The Order of the (123, 132)-Avoiding Stack Sort

TL;DR

This paper investigates the order of permutations under a generalized stack-sorting map avoiding specific patterns, introducing minimally-sorted permutations and establishing their order, thereby extending previous classifications of periodic points.

Contribution

It introduces minimally-sorted permutations as a new concept and determines their order under the (123, 132)-avoiding stack-sorting map, extending prior work on periodic points.

Findings

The order of the (123, 132)-avoiding stack-sorting map on permutations of size n is 2 * floor((n-1)/2).

Introduces the concept of minimally-sorted permutations as an antithesis to highly-sorted permutations.

Strengthens Berlow's 2021 classification of periodic points.

Abstract

Let $s$ be West's deterministic stack-sorting map.

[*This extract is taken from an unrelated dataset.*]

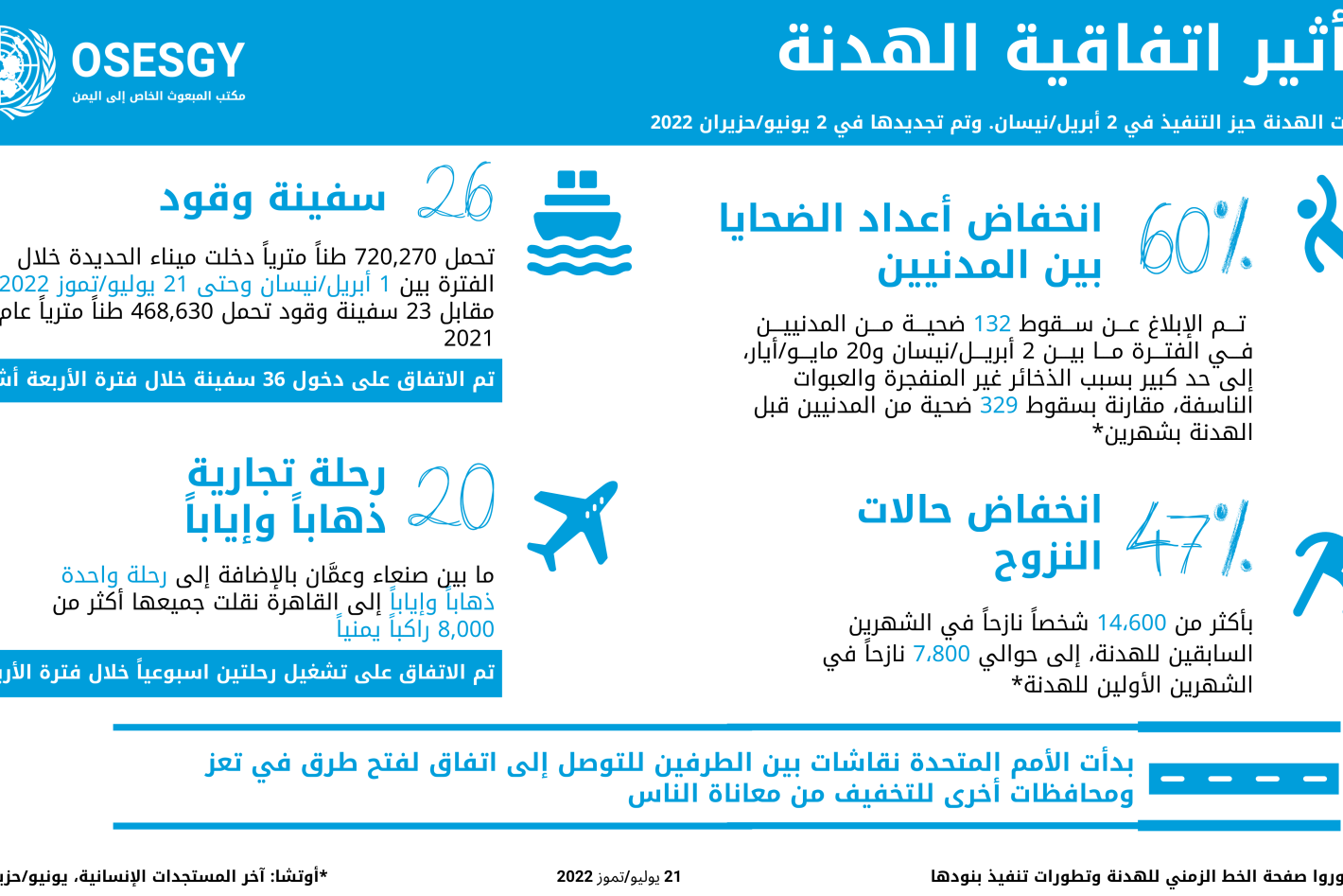 عمان ، 5 يوليو 2022 - عقدت لجنة التنسيق العسكرية اجتماعها الثالث اليوم في عمّان، الأردن، بتيسير المستشار العسكري للمبعوث الخاص للأمم المتحدة العميد أنطوني هايوارد. اتفق الممثلون العسكريون للحكومة اليمنية وأنصار الله وقيادة…

A well-known result (West) is that any length $n$ permutation can be sorted with $n-1$ iterations of $s.$ In 2020, Defant introduced the notion of highly-sorted permutations -- permutations in $s^t(S_n)$ for $t \lessapprox n-1.$ In 2023, Choi and Choi extended this notion to generalized stack-sorting maps $s_{\sigma},$ where we relax the condition of becoming sorted to the analogous condition of becoming periodic with respect to $s_{\sigma}.$ In this work, we introduce the notion of minimally-sorted permutations $\mathfrak{M}_n$ as an antithesis to Defant's highly-sorted permutations, and show that $\text{ord}_{s_{123, 132}}(S_n) = 2 \lfloor \frac{n-1}{2} \rfloor,$ strengthening Berlow's 2021 classification of periodic points.